Job-shop scheduling has direct, practical importance. Over the last two decades algorithms have been derived that produce optimal (or near optimal) solutions for scheduling tasks using operations research techniques (e.g. Graves, 1981) as well as AI techniques (e.g. Fox, Sadeh, & Baykan, 1989). One of the most popular systems, based on constraint-propagation, is ISIS (Smith, Ow, Potvin, Muscettola, & Matthys, 1990). Other AI-based approaches have used the general learning mechanisms in PRODIGY (Minton, 1990) or Soar (Prietula & Carley, 1994). These systems rely on the assumption that general methods for efficient problem solving can be discovered by applying a domain-independent learning mechanism. In psychology, on the other hand, little is known about how scheduling is performed as a problem solving activity and about the acquisition of scheduling skills (for a counterexample and earlier call to arms, see Sanderson, 1989).

One way to investigate how people acquire skills and knowledge in planning tasks is to use a general architecture for cognition like Soar (Newell, 1990) to construct and evaluate computational models of scheduling and the learning processes it incorporates. This approach provides methods for conceptualising the problem solving situation and for implementing considerations on the knowledge level such as learning.

Thus the main goal of a cognitive approach is not to find efficient methods for scheduling, but to find models of skill acquisition that can claim cognitive plausibility. Here, we first find and describe several empirical constraints on scheduling, and then describe a computational model that was developed based on these constraints. Use of this model to interpret further data allows us to examine performance, including learning in this domain in a principled, detailed way. The result we include here is a knowledge-based explanation of noise in the power law of learning.

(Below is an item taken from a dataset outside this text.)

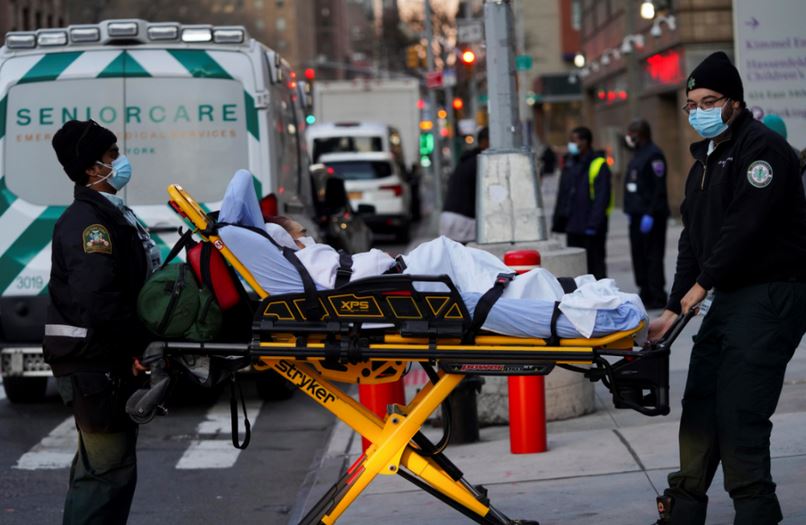 去年,一名美國新冠患者被送上救護車 新華社圖

The job-shop scheduling Task

The task -- for the subjects as well as for the computational model -- was to schedule five actions optimally, as a scheduler or dispatcher of a small factory. Jobs had to be scheduled on two machines (A and B). Each job had to be run in a fixed order, first A and then B, requiring different processing time on each machine for each job. Sets of five jobs with randomly created processing times were given to the subjects on a computer display. Subjects tried to find the order of jobs that produced the minimal total processing time, determining which out of the five jobs should be run first, which second, and so on.

For this kind of scheduling task an algorithm to find the optimal solution is available (Johnson, 1954). The general principle requires comparing the processing times of the jobs and finding the job requiring the shortest time on one of the two machines. If this is on machine A than the job has to be run first, if it is on B, then last. This principle is applied until all of the jobs are scheduled. Suboptimal sequences result if only parts of the general principle are used, e.g., only the demands of resources on machine A are used for ordering the jobs. This special task of modest complexity was selected because (a) it is simple enough to assess the value of each trial's solution by comparing it to the actual optimal solution (Johnson, 1954), but (b) the task is hard enough to be a genuine problem for subjects, who have to solve it deliberately, and (c) to solve the task without errors requires discovering and applying a general principle.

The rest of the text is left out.